Why did you resign?”  
I…I…I….I…”  


 _The voices and faces surrounded No. 6. He could feel the presence of the Number 2s or Number 1, that phantom him. They surrounded him in a tight circle taunted him! He struggled as a scream that was not his own filled the room. He fought the presences, ready to shoot his way out if need be. The scream was surrounded the entire room. Number 6 fought against his assailants with fists, words, struggling to be unbroken and remember who he was…remember…  
_

John rose from his bed his hand resting on his throbbing aching head. The dream was over and he was lying in his own bedroom. He sighed.” Begone in the name of the Father, Son, and Holy Ghost, begone,” he recited remembering the chants that priests did to exorcise the demons. Of course this time, the demons were more sinister, more internal. The scream broke John from his dour thoughts, the same scream that bled into his dream. Startled, John sprang from his bed and ran towards the sitting room where Lexi had slept.  


Rather than disturb the young man, John earlier allowed Lexi to sleep on the sofa. He wasn’t sleeping now. Instead Lexi had a cutting knife in his hand and aimed it at some imaginary assailant. Lexi dodged and pointed the knife as though he were in the middle of a fight. He drew back and aimed again in a one-sided ballet. “Please don’t take my life/I have two little children and a very lovely wife,” Lexi chanted hypnotically.  


“Lexi,” John approached the young man and spoke gently and firmly.“It’s just a dream, there is nothing there.” He tapped his young friend on the shoulder. Lexi drew back as if he had bitten. Then, he pointed the knife at John.  
“Bang! Bang! Maxwell’s silver hammer/ came down on his head!,” Lexi chanted. John stepped back as Lexi stepped forward. “Clang! Clang! Maxwell’s silver hammer/Made sure that he was dead.”  
“You may do that if you like,” John said evenly. “But, I am not one of them. Just as before. Trust me.” Lexi hesitated and John slowly approached the young man. Lexi stepped back in surprise and screamed. He ran towards the older man, but John grabbed his wrist. The knife fell from the boy’s hand onto the floor. Seizing the opportunity, John punched Lexi. Surprised, he fell backwards and shook his head awake from his trance.  
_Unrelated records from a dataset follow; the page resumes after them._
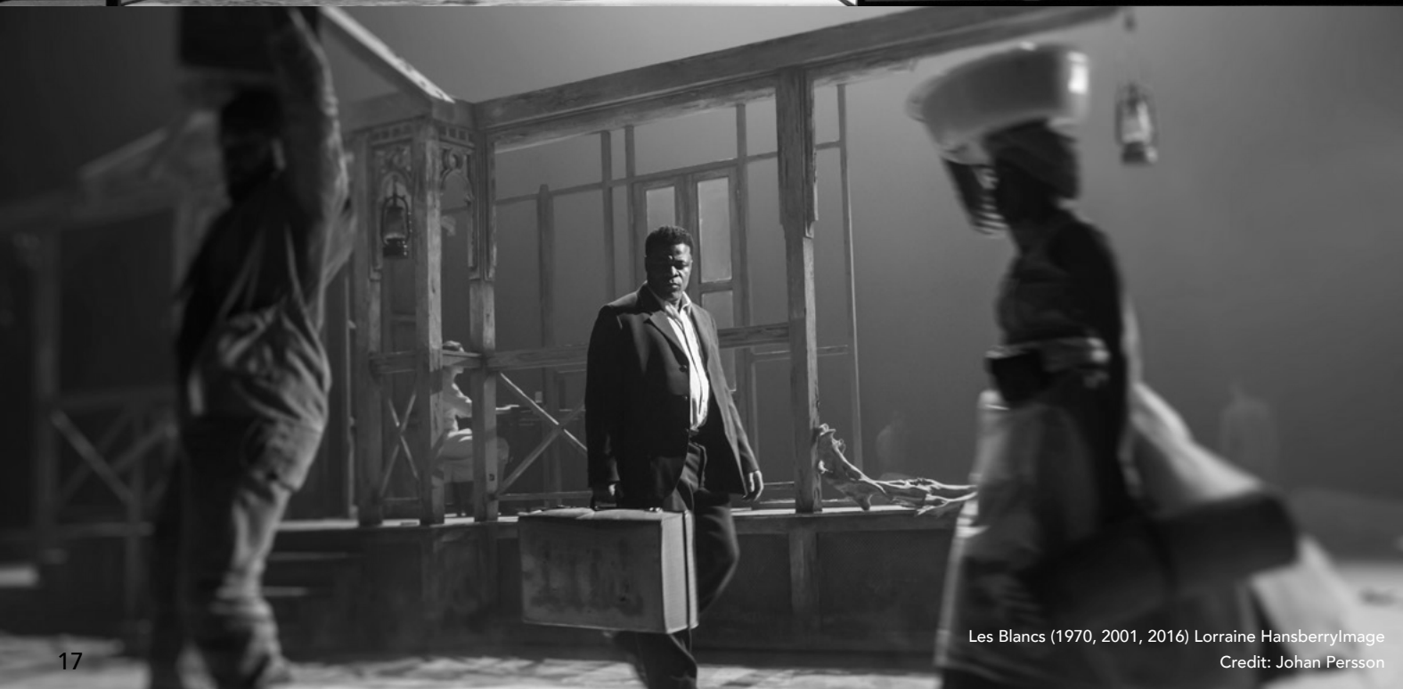
Les Blancs (1970, 2001, 2016) Lorraine Hansberry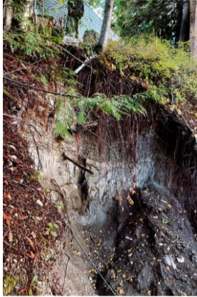
Town of Metaline Falls: Emergency Lift Station project

A few projects that can illustrate what success looks like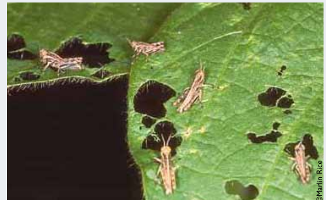
Top: Differential grasshopper nymph.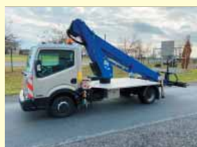
12615 - GSR B230T 22,5m - Nissan Cabstar - 2016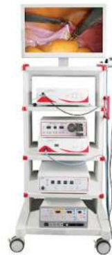
ENT ENDOSCOPY SYSTEM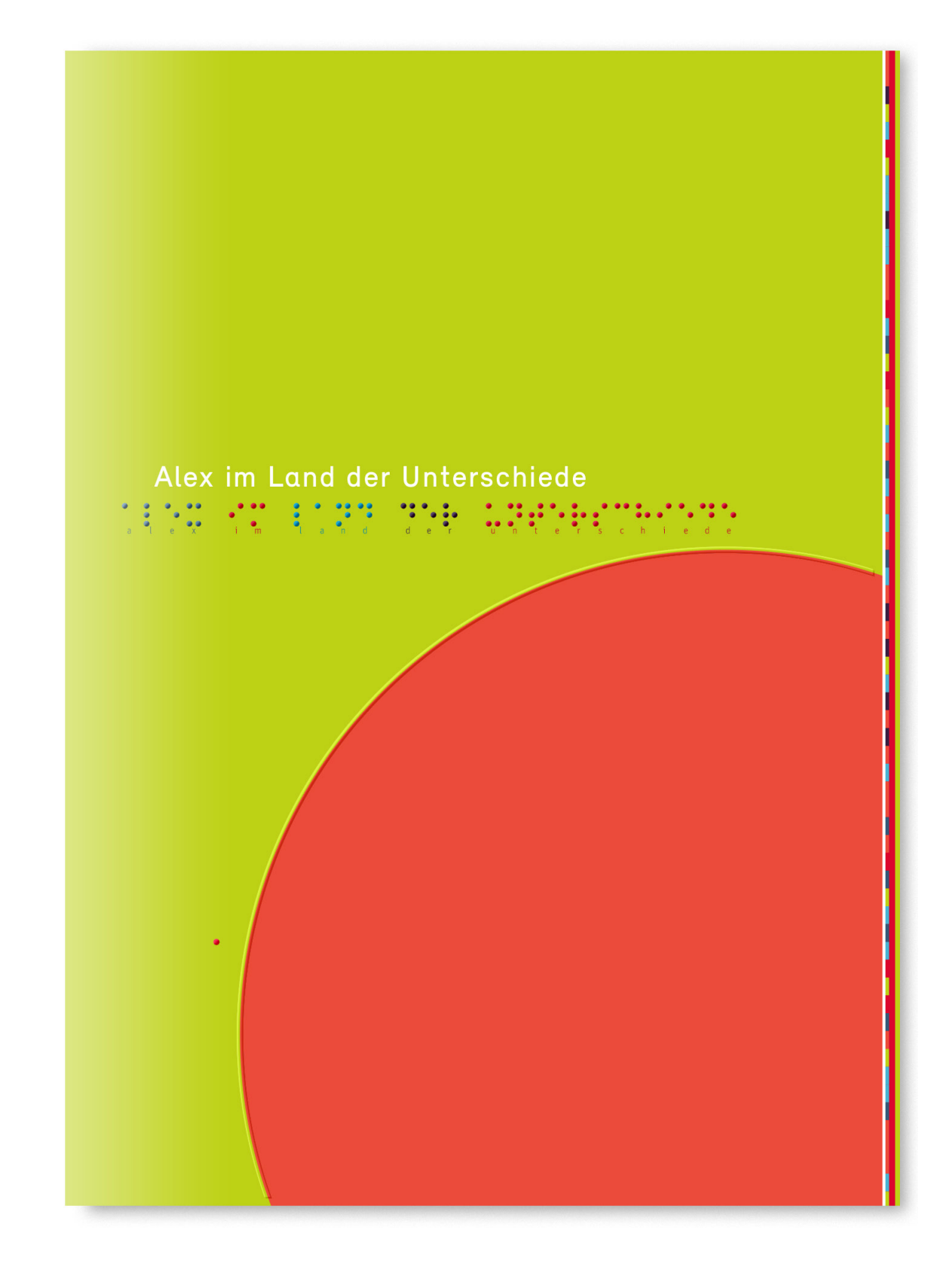
Volume 2 — Alex at the fairground — Follow lines with fingers and/or eyes; eye-hand coordination (only for sighted and visually-impaired children) Graphomotor skills (229×324 mm/24 pages)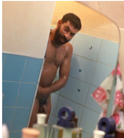
Figure 5: Still from Ming Wong, Eat Fear / Angst Essen (2008).

Fassbinder's film progressively unclothes and exposes the protagonist's body, but undermines any critique of white voyeurism and projection, first by suggesting that Ali narcissistically enjoys his own sexual exposure and, finally, by stripping for the camera, volunteering to confirm the fiction of the big black penis. In the early 1990s, Al LaValley had naively praised the unveiling of the studly Ben Salem as a sign of gay desire and empowerment (LaValley 120-21). By contrast, Wong's Eat Fear reenacts the exposure of Ali's nude body without either suggesting Ali's complicity or confirming the racist fantasy of the big black penis. Wong's choice to wear a prosthetic penis in the strip scene allows him to capture and expose the racist gaze without confirming the fiction of black hypermasculinity. The awkward and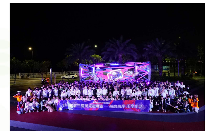
Seasun Shining Run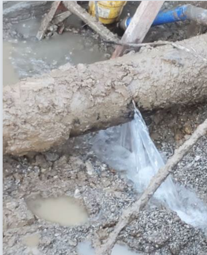
Broken water main leaking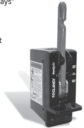
SureLock 010-600R US Patent 7,165,295

Rope locks are not designed to hold an imbalance of more than 50 lb (22.6 kg), nor to be used as a speed control.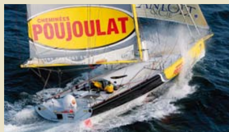
CHEMINEES POUJOULAT I 60ft Open IMOCA 18.28 m 2000 290,000 €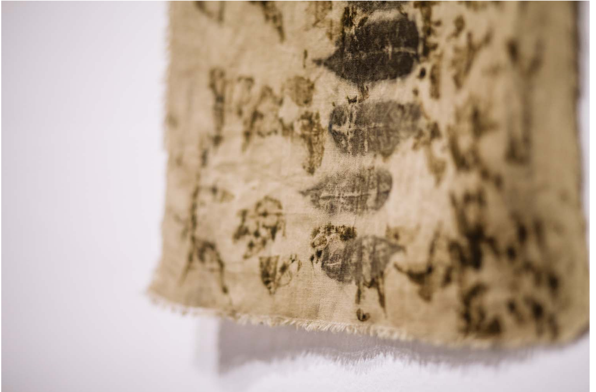
Figure 15: Eco-Print Scarf Series, Summer Scarf, detail.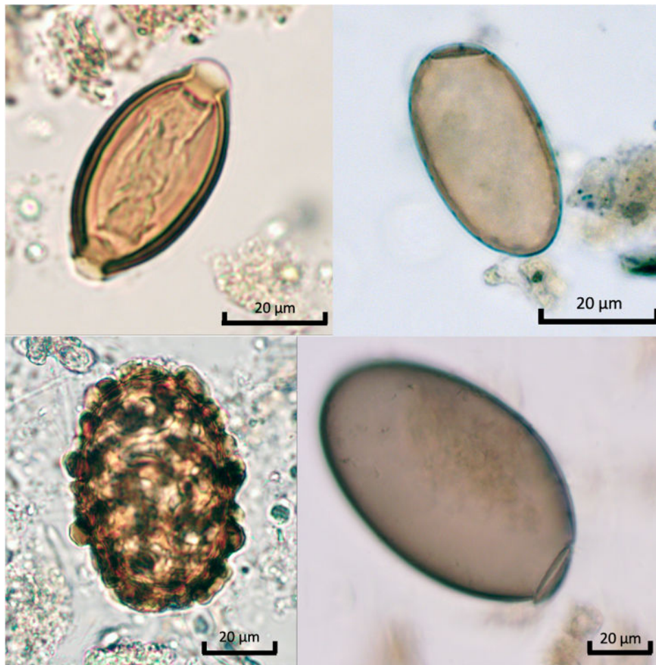
Fig. 3. Parasite eggs from the cesspits at Aalst. Top left whipworm (dimensions 55 × 25 µm), top right Dicrocoelium liver fluke (40 × 21 µm.), bottom left roundworm (69 × 40 µm), bottom right Echinostoma sp. (118 × 69 µm).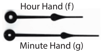
Hour Hand (f)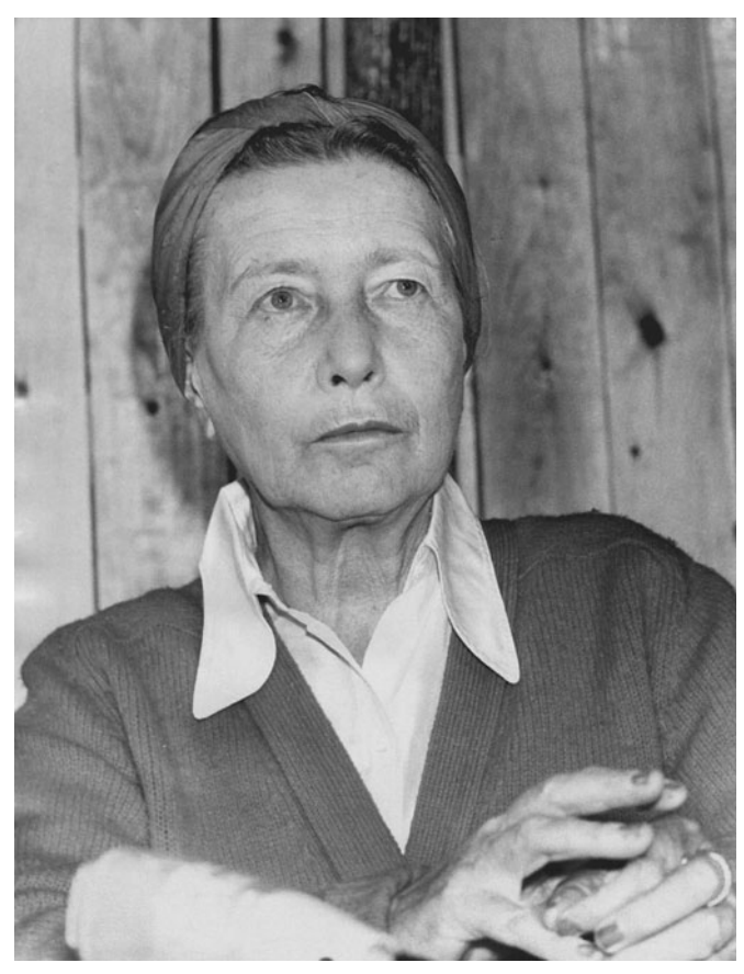
11. Perhaps the most influential of all 20th-century Western feminists, Simone de Beauvoir remains important still, for her autobiographies and novels as well as for her great piece of feminist theory, The Second Sex .

masculine world, and as a woman . . . I was encouraged to write The Second Sex precisely because of this privileged position. It allowed me to express myself in all serenity.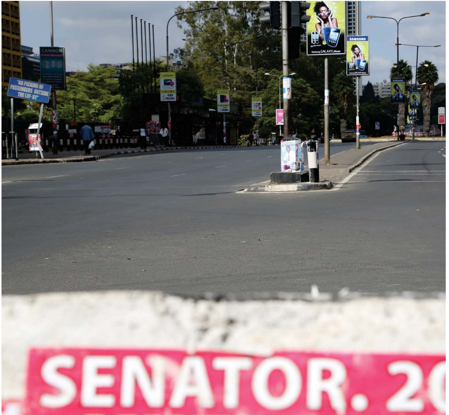
Election day, 2013 Nairobi's Central Business District streets are empty on voting day, March 4, 2013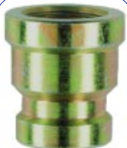
Reducing Bush f/f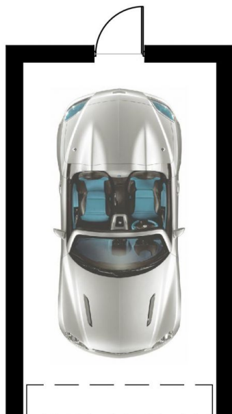
Garage 3.0 x 5.5m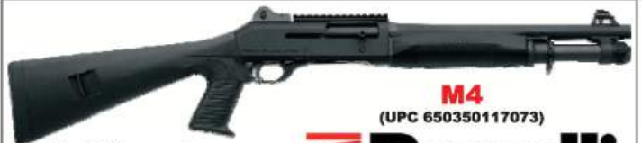
M4 (UPC 650350117073)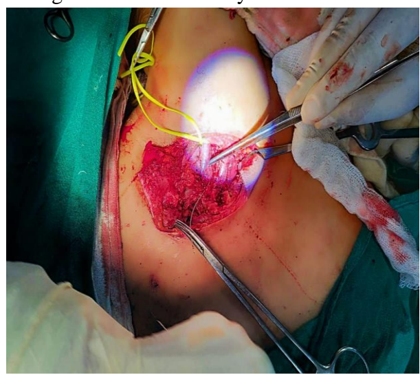
Figure 2: Intraoperative dissection

Patient started to desaturate and portable chest Xray revealed retained guidewire coiled around clavicle and right sided Pneumothorax for which ICD was inserted and subsequent chest x-rays showed improvement. After stabilization of vitals, surgery was planned and patient was taken for emergency OT in view of retained guide wire around clavicle and soft tissue. Surgery planned under general anaesthesia using lung protective ventilation. CTVS and ENT surgeon planned neck dissection to remove the coiled guidewire along with clavicle segment using infraclavicular approach. Patient extubated successfully and shifted to ICU for further management; where patient remained stable and after resolution of pneumothorax, ICD was removed. Patient was discharged after full recovery.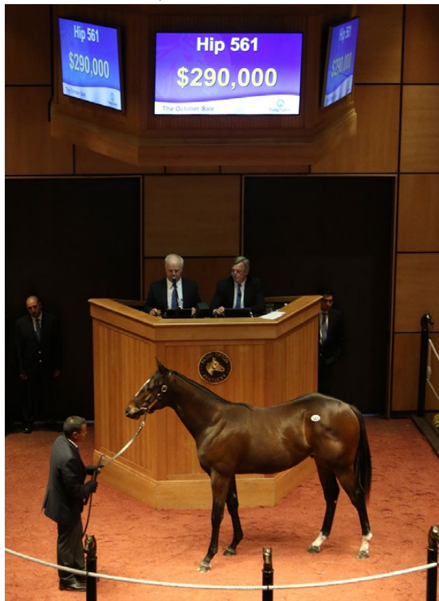
After the Orb colt (cover), the day's second-highest price of $290,000 was for a colt by Gemologist

One area of improvement was the RNA rate with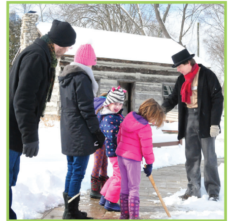
Mid-Winter Open House

Signature events, holiday programs, and seasonal open houses offer fun for the whole community!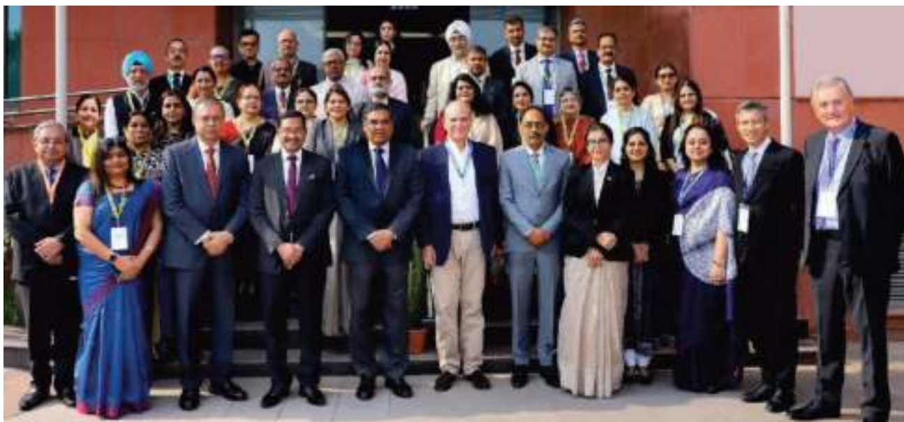
Vignette from the Inaugural Day of the 15-Hours Advanced Commercial Mediation Training Program on 14 th October, 2024 at the Administrative Buildings Complex, Supreme Court of India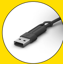
USB C and USB A connectors included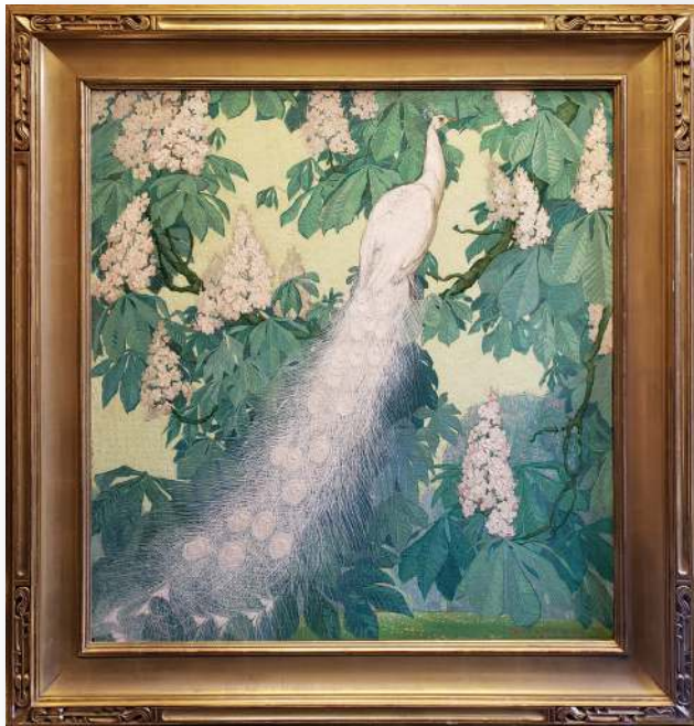
Jessie Hazel Arms Botke (1883–1971) White Peacock – Spring , c. 1930 Oil on canvas masonite panel 31.125" × 29.5" Framed 40" × 38.5"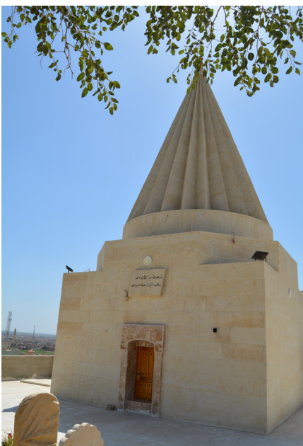
Figure 33a: The shrine of Sheikh Hassan post-reconstruction, April 2018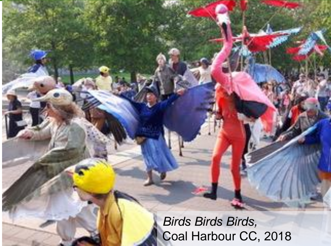
Birds Birds Birds, Coal Harbour CC, 2018

The Artists in Communities Project brings artists in residence into 3 community centres annually to work with staff and community for a full year on creative projects driven by community concerns and interests

Lexi looked at John as if seeing him for the first time. “I thought I was there,” he breathed. “I was still there. I keep running so they don’t find me, but they always do.”  
John nodded. “I know, I understand,” he said. He held the young man by the hand and the shoulder and lowered him back on the sofa. “I understand, but they won’t find you not here, not now, not ever. Don’t let them.” The two caught their breaths in silence just staring in the darkness of the sitting room. John sat on a nearby chair close enough to hold onto the young man, but not close enough to invade his personal space.  


“Do you know why, I came with you?” Lexi asked. “You ever wonder why you?” John kept a firm grip on the kid’s hand but gave no answer. “You remembered who you were. No one else did, they were happy, stupidly happy there. He never… He didn’t want to. I did, but everything became tangled up sometimes. Sometimes it became too hard to remember. But you remembered.”  
John nodded. It was a struggle for him each day. In fact the only thing that kept him going in the Village was the thought that as long as he remembered that he was a person, that he had a life outside that they could never break him. The moonlight shone through the window illuminating the faces of the two men each locked in their internal struggles to escape the memories. “He didn’t want to?” John inquired. “Who’s he?”  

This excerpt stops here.